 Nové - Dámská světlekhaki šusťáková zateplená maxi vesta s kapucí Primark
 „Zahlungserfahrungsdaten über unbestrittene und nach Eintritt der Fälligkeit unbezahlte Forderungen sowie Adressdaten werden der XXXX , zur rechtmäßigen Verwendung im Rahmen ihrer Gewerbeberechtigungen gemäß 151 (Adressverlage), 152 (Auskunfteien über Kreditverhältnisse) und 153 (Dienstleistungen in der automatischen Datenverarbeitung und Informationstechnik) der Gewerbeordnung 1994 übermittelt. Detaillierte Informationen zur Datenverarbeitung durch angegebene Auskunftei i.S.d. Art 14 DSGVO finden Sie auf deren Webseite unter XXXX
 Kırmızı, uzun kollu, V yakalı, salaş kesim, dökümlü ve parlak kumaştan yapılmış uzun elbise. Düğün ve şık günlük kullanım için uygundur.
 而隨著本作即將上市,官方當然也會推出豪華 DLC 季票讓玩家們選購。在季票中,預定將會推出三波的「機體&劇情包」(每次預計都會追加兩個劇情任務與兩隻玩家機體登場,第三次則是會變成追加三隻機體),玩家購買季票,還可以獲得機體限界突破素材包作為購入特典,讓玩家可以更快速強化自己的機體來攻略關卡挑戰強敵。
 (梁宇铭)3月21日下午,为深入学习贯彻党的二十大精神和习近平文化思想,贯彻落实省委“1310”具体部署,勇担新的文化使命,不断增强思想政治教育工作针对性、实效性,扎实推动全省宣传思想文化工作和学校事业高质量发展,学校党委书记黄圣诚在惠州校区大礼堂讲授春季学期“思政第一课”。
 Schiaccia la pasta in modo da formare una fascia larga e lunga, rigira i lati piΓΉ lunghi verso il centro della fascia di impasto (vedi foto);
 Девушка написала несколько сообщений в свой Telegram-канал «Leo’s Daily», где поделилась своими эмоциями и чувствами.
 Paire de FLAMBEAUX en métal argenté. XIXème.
—————
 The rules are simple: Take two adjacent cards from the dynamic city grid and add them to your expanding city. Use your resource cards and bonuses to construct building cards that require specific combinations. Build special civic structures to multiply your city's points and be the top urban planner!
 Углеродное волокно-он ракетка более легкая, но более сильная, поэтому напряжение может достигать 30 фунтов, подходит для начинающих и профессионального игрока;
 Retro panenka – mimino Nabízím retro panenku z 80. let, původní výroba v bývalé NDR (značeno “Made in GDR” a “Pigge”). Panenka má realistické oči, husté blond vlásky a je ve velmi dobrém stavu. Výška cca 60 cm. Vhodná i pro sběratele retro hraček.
—————
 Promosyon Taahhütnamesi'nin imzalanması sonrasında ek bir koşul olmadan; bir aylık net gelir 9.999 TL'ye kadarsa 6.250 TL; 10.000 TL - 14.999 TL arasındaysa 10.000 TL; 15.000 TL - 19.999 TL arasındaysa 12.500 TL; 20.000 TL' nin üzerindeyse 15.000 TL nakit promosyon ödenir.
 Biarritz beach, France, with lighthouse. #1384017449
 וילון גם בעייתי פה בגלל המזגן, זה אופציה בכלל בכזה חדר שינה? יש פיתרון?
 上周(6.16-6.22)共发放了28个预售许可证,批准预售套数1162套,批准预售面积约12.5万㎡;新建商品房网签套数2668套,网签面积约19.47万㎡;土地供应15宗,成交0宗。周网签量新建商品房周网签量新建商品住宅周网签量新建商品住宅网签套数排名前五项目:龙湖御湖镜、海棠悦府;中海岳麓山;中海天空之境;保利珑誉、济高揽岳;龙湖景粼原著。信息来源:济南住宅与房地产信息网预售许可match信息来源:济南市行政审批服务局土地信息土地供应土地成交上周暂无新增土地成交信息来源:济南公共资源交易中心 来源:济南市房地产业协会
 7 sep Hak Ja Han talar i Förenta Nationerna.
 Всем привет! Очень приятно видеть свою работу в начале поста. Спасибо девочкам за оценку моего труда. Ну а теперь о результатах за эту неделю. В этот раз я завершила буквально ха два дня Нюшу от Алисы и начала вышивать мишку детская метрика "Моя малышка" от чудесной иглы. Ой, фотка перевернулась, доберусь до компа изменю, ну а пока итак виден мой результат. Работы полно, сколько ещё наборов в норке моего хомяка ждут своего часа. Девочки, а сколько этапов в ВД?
—————
▶ _Task instructions_
Look above for the line holding "Nové - Dámská", then set down exactly that line and every line after it up to and including the line holding "Paire de FLAMBEAUX en métal argenté. XIXème.", with nothing else.

▶ _Response box_
 Nové - Dámská světlekhaki šusťáková zateplená maxi vesta s kapucí Primark
 „Zahlungserfahrungsdaten über unbestrittene und nach Eintritt der Fälligkeit unbezahlte Forderungen sowie Adressdaten werden der XXXX , zur rechtmäßigen Verwendung im Rahmen ihrer Gewerbeberechtigungen gemäß 151 (Adressverlage), 152 (Auskunfteien über Kreditverhältnisse) und 153 (Dienstleistungen in der automatischen Datenverarbeitung und Informationstechnik) der Gewerbeordnung 1994 übermittelt. Detaillierte Informationen zur Datenverarbeitung durch angegebene Auskunftei i.S.d. Art 14 DSGVO finden Sie auf deren Webseite unter XXXX
 Kırmızı, uzun kollu, V yakalı, salaş kesim, dökümlü ve parlak kumaştan yapılmış uzun elbise. Düğün ve şık günlük kullanım için uygundur.
 而隨著本作即將上市,官方當然也會推出豪華 DLC 季票讓玩家們選購。在季票中,預定將會推出三波的「機體&劇情包」(每次預計都會追加兩個劇情任務與兩隻玩家機體登場,第三次則是會變成追加三隻機體),玩家購買季票,還可以獲得機體限界突破素材包作為購入特典,讓玩家可以更快速強化自己的機體來攻略關卡挑戰強敵。
 (梁宇铭)3月21日下午,为深入学习贯彻党的二十大精神和习近平文化思想,贯彻落实省委“1310”具体部署,勇担新的文化使命,不断增强思想政治教育工作针对性、实效性,扎实推动全省宣传思想文化工作和学校事业高质量发展,学校党委书记黄圣诚在惠州校区大礼堂讲授春季学期“思政第一课”。
 Schiaccia la pasta in modo da formare una fascia larga e lunga, rigira i lati piΓΉ lunghi verso il centro della fascia di impasto (vedi foto);
 Девушка написала несколько сообщений в свой Telegram-канал «Leo’s Daily», где поделилась своими эмоциями и чувствами.
 Paire de FLAMBEAUX en métal argenté. XIXème.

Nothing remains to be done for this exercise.